The new distributed APIs get_model_state_dict/set_model_state_dict require running at least one forward pass in order to call _lazy_init. For example,

                from torch.distributed.fsdp._runtime_utils import _lazy_init
                for module in self.model.modules():
                    if isinstance(module, FSDP):
                        _lazy_init(module, module)
                set_model_state_dict(
                    model=self.model,
                    model_state_dict=state_dict['model'],
                    options=StateDictOptions(
                        full_state_dict=self.fsdp_state_dict_type != 'sharded',
                        strict=strict,
                        cpu_offload=True,
                    ),
                )

I believe get/set_model_state_dict (and maybe get/set_optim_state_dict) should call _lazy_init as well?

Versions

Torch 2.3

cc @mrshenli @pritamdamania87 @zhaojuanmao @satgera @rohan-varma @gqchen @aazzolini @osalpekar @jiayisuse @H-Huang @kwen2501 @awgu @penguinwu @fegin @XilunWu @wanchaol @fduwjj @wz337 @tianyu-l @wconstab @yf225 @chauhang @d4l3k

The text was updated successfully, but these errors were encountered:

mvpatel2000 · 2024-04-29T16:44:02Z

@pytorchbot label "oncall: distributed"

@mvpatel2000

@mvpatel2000 I'm a little confused by the issue, does the above code fail or is the issue that _lazy_init is not called on a submoduleof the model?

mvpatel2000 · 2024-04-29T20:34:35Z

@mvpatel2000 I'm a little confused by the issue, does the above code fail or is the issue that _lazy_init is not called on a submoduleof the model?

@LucasLLC sorry I was not clear -- I am suggesting _lazy_init should be inside get/set_model/optimizer_state_dict as the error otherwise is quite confusing. _lazy_init a private function, so the above code is not really desired

fegin · 2024-04-29T22:10:38Z

@mvpatel2000 Can you show the error message?

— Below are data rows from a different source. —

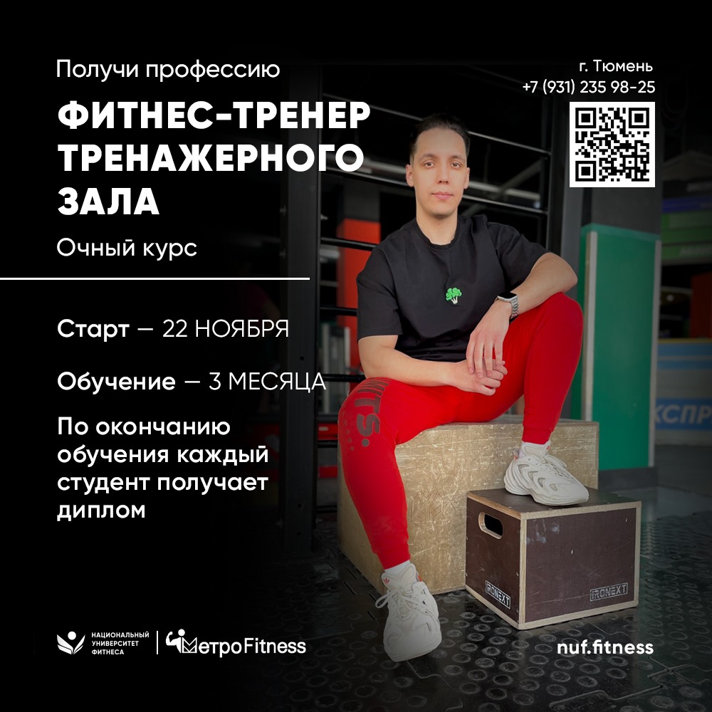 Предоставляем знания и навыки по основным направлениям: • Основы анатомии, • Основы физиологии, • Основы спортивной биохимии, • Основы биомеханики двигательной деятельности, • Спортивная медицина, • Основы нутрициологии, • Теория и методика фитнеса и бодибилдинга, • Методика функционального тренинга, • Основы продвижения в социальных сетях.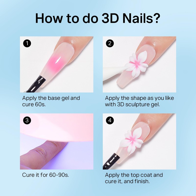 - MIZHSE 3D Sculpting Gel: You can use the white 15ml solid gel and 1* dual-use nail art pen to create a variety of 3D shapes, and you can also design nail styles with other color gels, knead it into the shape you want, or use it with dual-use nail art pen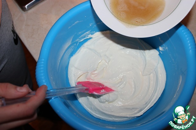 Тонкой струйкой вливать желатин в крем, быстро помешивая.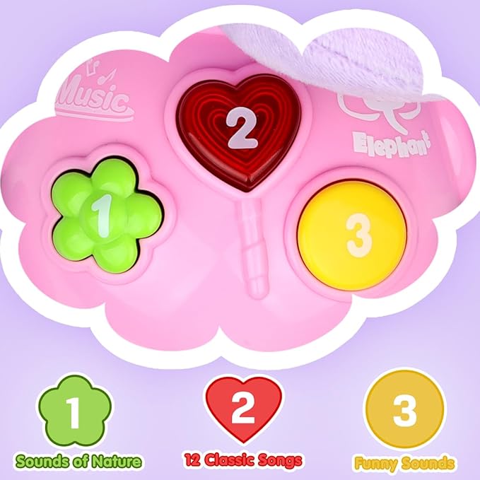- Baby Gifts for Girls & Boys: Plush baby toys with cute elephant baby music toy designs will be more attractive to your little baby and easier to catch their eye. Is the baby's, birthday gift, Christmas gift, and other holiday gifts of choice!

I thought FSDP.state_dict and FSDP.load_state_dict called the _lazy_init. I'm curious what's the error you encountered.

mvpatel2000 · 2024-04-29T22:28:41Z

@fegin

/composer/tests/trainer/test_fsdp_checkpoint.py:136: in get_trainer
    trainer = Trainer(
/composer/composer/trainer/trainer.py:1715: in __init__
    self._rng_state = checkpoint.load_checkpoint(
/composer/composer/utils/checkpoint.py:531: in load_checkpoint
    rng_state_dicts = _restore_checkpoint(
/composer/composer/utils/checkpoint.py:989: in _restore_checkpoint
    state.load_state_dict(
/composer/composer/core/state.py:1377: in load_state_dict
    self.load_model_state(
/composer/composer/core/state.py:1238: in load_model_state
    set_model_state_dict(
/usr/lib/python3/dist-packages/torch/distributed/checkpoint/state_dict.py:859: in set_model_state_dict
    _verify_state_dict(model_state_dict, {}, info)
_ _ _ _ _ _ _ _ _ _ _ _ _ _ _ _ _ _ _ _ _ _ _ _ _ _ _ _ _ _ _ _ _ _ _ _ _ _ _ _ 

model_state_dict = {'module.0.bias': tensor([-0.2733,  0.1886]), 'module.0.weight': tensor([[-0.0063,  0.3783],
        [-0.5830, -0.5194]]), 'module.2.weight': tensor([[-0.0150,  0.5597],
        [-0.0618,  0.1881]])}
optim_state_dict = {}
info = _StateDictInfo(full_state_dict=False, cpu_offload=True, ignore_frozen_params=False, keep_submodule_prefixes=True, stri...bias=True)
), FullyShardedDataParallel(
  (_fsdp_wrapped_module): Linear(in_features=2, out_features=2, bias=False)
)])

    def _verify_state_dict(
        model_state_dict: Dict[str, ValueType],
        optim_state_dict: OptimizerStateType,
        info: _StateDictInfo,
    ) -> None:
        # FSDP root must exist otherwise FSDP state_dict will be incorrect.
        has_fsdp_root = False
        for module in info.fsdp_modules:
            fsdp_state = _get_module_fsdp_state_if_fully_sharded_module(module)
            assert fsdp_state is n
8000
ot None, "Expected a fsdp_state with a fsdp module."
            if fsdp_state._is_root:
                has_fsdp_root = True
                break
        if info.fsdp_modules and not has_fsdp_root:
>           raise RuntimeError("The model has FSDP modules but no FSDP root module exists.")
E           RuntimeError: The model has FSDP modules but no FSDP root module exists.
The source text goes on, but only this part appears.